Every month the U.S. Treasury releases data on the federal budget, including the current deficit or surplus. The following contains budget data for June 2024, the ninth month of fiscal year (FY) 2024.
The federal government ran a deficit of $66 billion in June 2024 – $162 billion less than the deficit of $228 billion that was recorded in June 2023. It is important to note that certain payments were shifted into May 2024 because June 1, 2024 fell on a weekend, artificially reducing this month's reported spending. Furthermore, reported outlays in June 2023 were inflated because July 1, 2023, fell on a weekend, shifting payments into June 2023. Adjusting for the effects of both timing shifts, the June 2024 deficit was $18 billion more than the same month last year.
Spending in June 2024 was $532 billion, $114 billion less than in June last year, although that decrease is entirely attributable to the effects of the timing shifts. Adjusting for those effects, outlays were up $65 billion compared to June 2023. The primary driver was a $60 billion increase in spending by the Department of Education due to a higher adjustment to the cost of outstanding loans relative to last year’s calculation. Net interest outlays also increased by $11 billion because of higher interest rates. Those and other increases in spending were partially offset by an $11 billion decrease in outlays related to national defense. Revenues in June 2024 were $48 billion above collections from a year ago, mainly due to increased collections of individual income and payroll taxes ($37 billion more than June 2023) and corporate income taxes ($10 billion).
This year’s cumulative deficit is $125 billion below last year’s level. However, because October 1 fell on a weekend in both calendar years 2022 and 2023, certain federal payments were shifted into the previous fiscal year in both FY23 and FY24. Additionally, July 1, 2023, fell on the weekend, causing certain payments to be shifted into the first nine months of FY23 and boosting last year’s deficit over the same period. Without those effects, the deficit for FY24 through the end of June would be $29 billion below last year’s corresponding total.

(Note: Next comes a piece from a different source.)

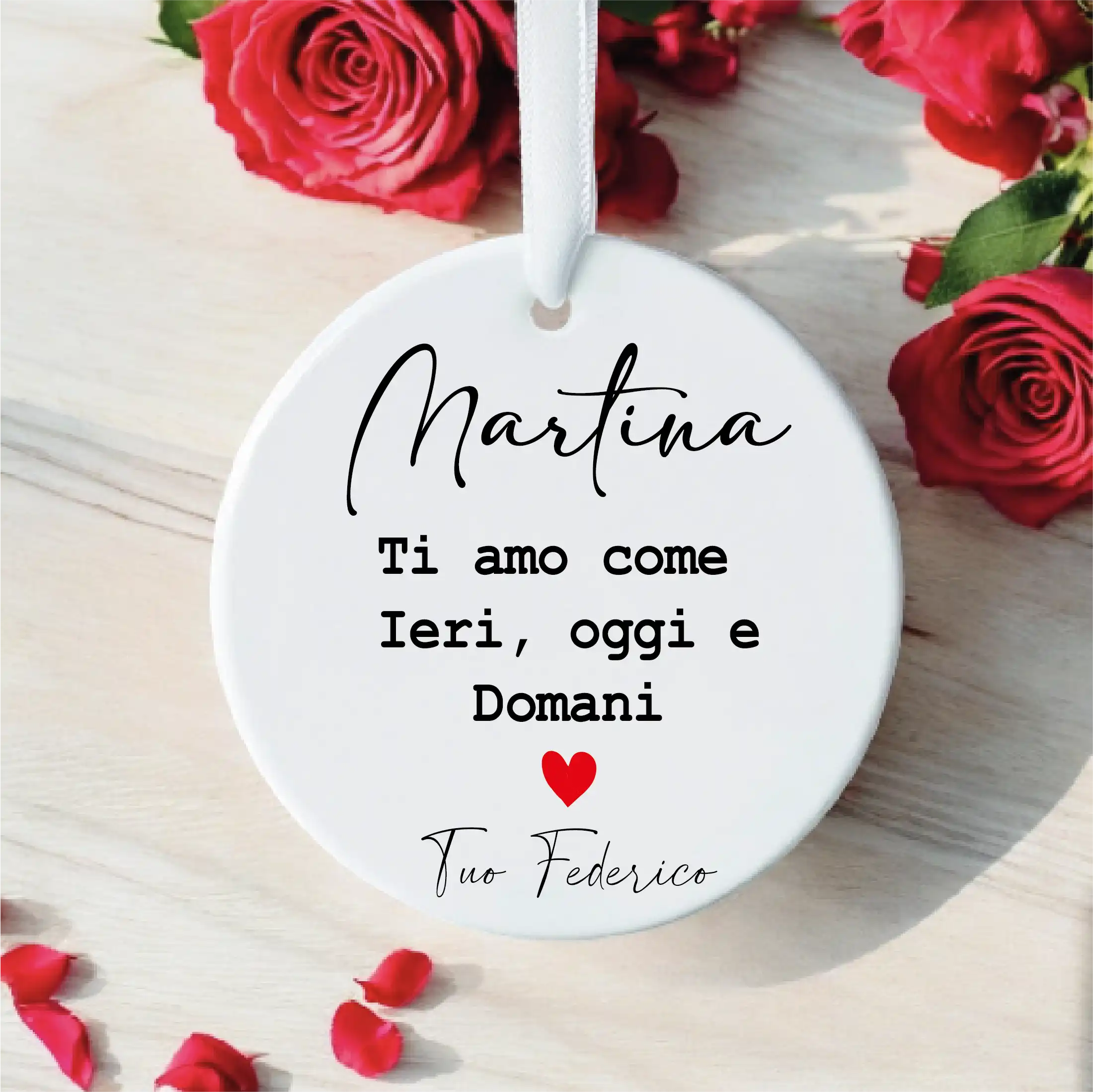 Questo ornamento personalizzato è un prezioso simbolo di affetto, amore e gratitudine, perfetto per San Valentino. Con il nome della persona cara in evidenza e una toccante dedica, è ideale per commemorare legami speciali e celebrare l’amore in tutte le sue forme. Decorato con eleganti motivi naturali, l’ornamento racchiude un messaggio personale e sentito, rendendolo un dono unico e indimenticabile per chiunque desideri esprimere amore, amicizia e riconoscenza in un modo semplice ma significativo. Ideale per occasioni speciali come San Valentino, questo ornamento diventerà un ricordo duraturo da conservare con affetto.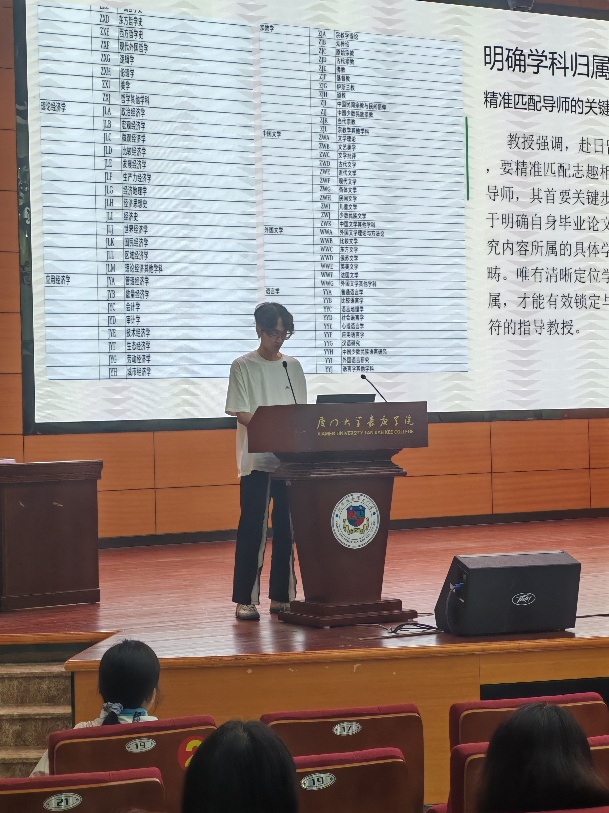 张麟声老师指导的《赴日升学指导》课程项目组由2022级郑云海汇报课程成果。郑云海同学分享到,有赴日升学想法的同学首先要明确自身学科的归宿,明确自身毕业论文的研究内容所属的具体学科范畴,进而有效锁定与之相符的指导教授。在选择导师时,要主动在院系网站了解到时的具体信息,主动研读导师的学术论文,理解导师的研究内容与特点,进而丰富自己的研究生申请书。

For the first nine months of FY24, total outlays were $5.0 trillion, $217 billion higher than the same period in the previous year. Adjusting for timing shifts, spending was $312 billion above the same period last year. Two areas of the budget have experienced rapid increases so far this year. Net interest has grown by $188 billion (38 percent) relative to the first nine months of last fiscal year, mostly due to higher interest rates; spending for Social Security benefits has risen by $83 billion (8 percent) because of cost-of-living adjustments and an increased number of beneficiaries. In addition, spending on Medicare, defense, and Education increased significantly in the first nine months of this fiscal year. Partially offsetting those increases was a $47 billion decrease in outlays from tax credits related to the government's response to the COVID-19 pandemic. Other categories of outlays that decreased were the Pension Benefit Guaranty Corporation because certain one-time payments were made to pension plans in FY23 but not in FY24 ($38 billion) and the Food and Nutrition Service ($25 billion).
Total revenues increased by $342 billion in the first nine months of FY24 compared to the previous year, largely because of payments of deferred taxes and an increase in wages and salaries. The main driver was a significant increase in collections of individual income ($192 billion more than the same period in FY23), corporate income ($87 billion), and payroll taxes ($65 billion). Collections of individual, payroll, and corporate taxes have been much higher in FY24 than through the same period in FY23, in part because the IRS allowed certain locations that suffered natural disasters to defer payments until this fiscal year.
Despite a healthy economy, spending has been rapidly outpacing revenue collection. The unsustainable upward trajectory of deficits and debt argues for bipartisan solutions to improve the country’s fiscal outlook.